Added:
- New release: **v0.23.0 Pre-release** (12 Jun 2025) with 408 commits from 200 contributors (63 new).
- **Highlights**:
  - **DeepSeek-V4**: Further optimised across backends – decoupled sparse MLA metadata, TRTLLM-gen attention kernel, EPLB for Mega-MoE, selective prefix-cache retention, index-share for DSA MTP, XPU decode path, and more.
  - **Model Runner V2 (MRv2)**: Now default for Llama and Mistral dense models. Gained FlashInfer sampler, breakable CUDA graphs, pipeline-parallel bubble elimination, kernel block-size support for hybrid models, and Gemma 4 MTP.
  - **Rust frontend (experimental)**: Added streaming generate, dynamic LoRA endpoints, `/version` and `/server_info` endpoints, server-router extension, request-ID headers, and new tool parsers.
  - **Gemma 4**: Encoder-free Unified support and MTP added; numerous accuracy and startup fixes.
  - **Transformers v5 compatibility**: vLLM now targets Transformers v5 (v4 deprecated), with vendored MiniCPM-V/O processors and compatibility fixes.
  - **Multi-tier KV cache offloading**: Object-store secondary tier, HMA default for capable connectors, per-request offloading policy.
  - **Unified parser**: Reasoning and tool-call parsing unified behind a single `Parser.parse()` interface.
- **Model Support**: New models – MiMo-V2.5, Step-3.7-Flash, Cosmos3 Reasoner, Gemma 4 Unified encoder-free, JetBrains Mellum v2, Granite Speech Plus, Cohere Mini Code. Plus extensive fixes and enhancements for Qwen3-VL, GLM, Bailing-MoE, MiniCPM, and others.
- **Engine Core**: MRv2 defaults, FlashInfer sampler, breakable CUDA graphs, pipeline-parallel bubble elimination, speculative decoding improvements (DFlash, lookahead caching), attention/hybrid Mamba refactors, pluggable KVCacheSpec, garbage collector freeze, sparse NCCL weight transfer.
- **Large Scale Serving & Distributed**: KV cache offloading enhancements, PP-aware handshake, multiple connector fixes (Nixl, Mooncake, LMCache), async EPLB default, DP placement groups, SSL for DP supervisor.
- **Hardware & Performance**: FP8 FlashInfer attention for ViT, Triton MoE backend on Hopper default, CUTLASS FP8 scaled-mm padding bypass, MoE-permute pre-allocation, TurboQuant.

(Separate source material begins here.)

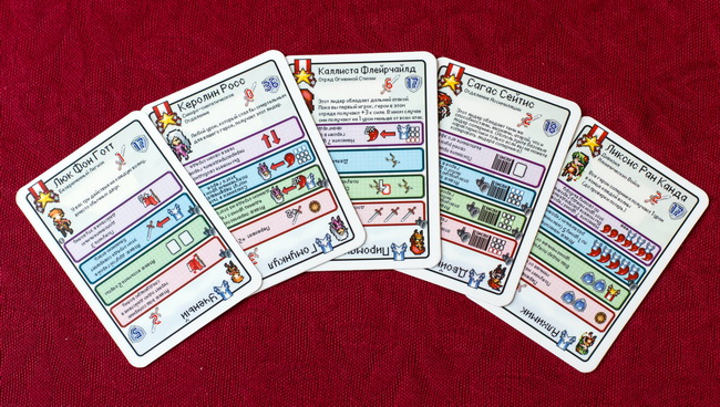 Каждому герою (поверните карту необходимой стороной вверх) соответствует определённая способность, зависящая от месторасположения отряда: авангард использует красный текстовый блок, фланги — синий, а тыл — зелёный.

ROCm 7.2.3, AITER v0.1.13.post1, native W4A16 kernels for RDNA3, attention-sink support. Intel XPU updates. CPU zentorch W8A8/W4A16, TPU upgrades. Continued libtorch stable ABI migration.
- **Quantization**: ModelOpt LM-head quantization and MXFP8 non-gated MoE; compressed-tensors WNA8O8Int linears.

Removed:
- **v0.18.0** release (20 Mar 2025) was removed from the releases list.